Guest Column: ‘No-kill’ can mean ‘no help’ for animals

Daphna Nachminovitch

In the United States, 6 million to 8 million animals enter shelters annually, and about half of them are euthanized. Despite this sobering statistic, some advocates of the deceptively named “no-kill” movement deny that there is an animal overpopulation crisis.

Tell that to the millions of unwanted animals left at shelters every year.

At an animal shelter in West Virginia several years ago, a man trying to surrender two kittens was turned away by a worker who said that the shelter was over capacity and had no room. The man left with the kittens, and a few seconds later, screams were heard. They came from children who saw the man toss the kittens from his vehicle and intentionally run over them in the parking lot before speeding off. One kitten was killed instantly, and the other had to be euthanized.

A new expose by PETA reveals how animals like these kittens are put in peril because of dangerous “no-kill” policies that make it difficult — and often impossible — for people to surrender animals to shelters. Video footage shows workers at more than two dozen facilities refusing admission to animals in need by citing long waiting lists, charging exorbitant admission fees, saying their facilities are experiencing disease outbreaks and overcrowding and giving other excuses.

“There is a waiting list, between six months and a year, to come into the facility here,” a worker at Brother Wolf Animal Rescue in Asheville, N.C., said. “We’re referring people to the public pounds. We’re not going to take dogs that have problems — we want to move them and find homes. We’re a private shelter, and we pick and choose,” confessed an attendant at Little Shelter Animal Adoption Center in Huntington, N.Y. At Web of Life Animal Outreach in Chesapeake, Va., a staffer admitted that animals may spend the rest of their lives in the shelter: “We’re a ‘no-kill.’ If it doesn’t get adopted, it lives its life out here. And it may not get adopted. It may be here for 10 years.”
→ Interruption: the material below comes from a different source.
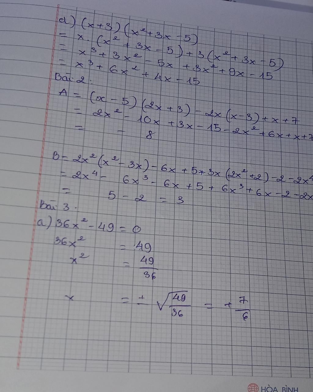 b) (x – 2)(x2 + 3x – 4) d) (x + 3)(x2 + 3х- 5) Bài 2: Chứng tỏ các biểu thức sau không phụ thuộc vào giá trị của biến: Bài 1: Tính a) (-2x).(3x² – 2x + 4)

Keeping animals out of shelters may keep “no-kill” shelters’ euthanasia rates low and make for effective fundraising, but it spells disaster for animals. Few people are willing or able to drive to another shelter, pay fees or keep and care for an animal until a space opens up on a waiting list.

What happens to rejected animals? They don’t just disappear. A lucky few may end up in open-admission shelters, but many are dumped on city streets or on desolate country roads, where they get injured or killed in traffic, starve, succumb to the elements or reproduce — creating even more homeless animals. Others are chained up or relegated to a lonely kennel in an isolated backyard. And some, like the kittens described earlier, come to a violent end at the hands of cruel or uncaring people.

Despite “no-kill” failures nationwide, proponents still push for reducing services, keeping needy animals out of shelters by restricting intake hours, charging high admission fees, having waiting lists for admission and transferring animals to unscreened “rescues” (which make up one-quarter of the estimated 6,000 new hoarding cases reported in the U.S. each year). They promote impulse adoptions, fail to screen adopters, leave cats on the streets to die slowly without veterinary care or comfort — and worse.

The words “no kill” sound appealing to donors and politicians, but they are just words without substance and without a real solution. We can turn our communities into places where no cat or dog has to be euthanized for lack of a home — but not by turning away animals in need. The key is to cut off the supply of homeless animals at its source by spaying and neutering. Each of us can help by always having our animals sterilized, never buying animals from breeders or pet stores, supporting and adopting from open-admission shelters and encouraging our friends and family to do so, too. Together, we can make our communities no-kill the right way — by first striving to make them “no-birth.”

Daphna Nachminovitch is the senior vice president of the Cruelty Investigations Department for People for the Ethical Treatment of Animals.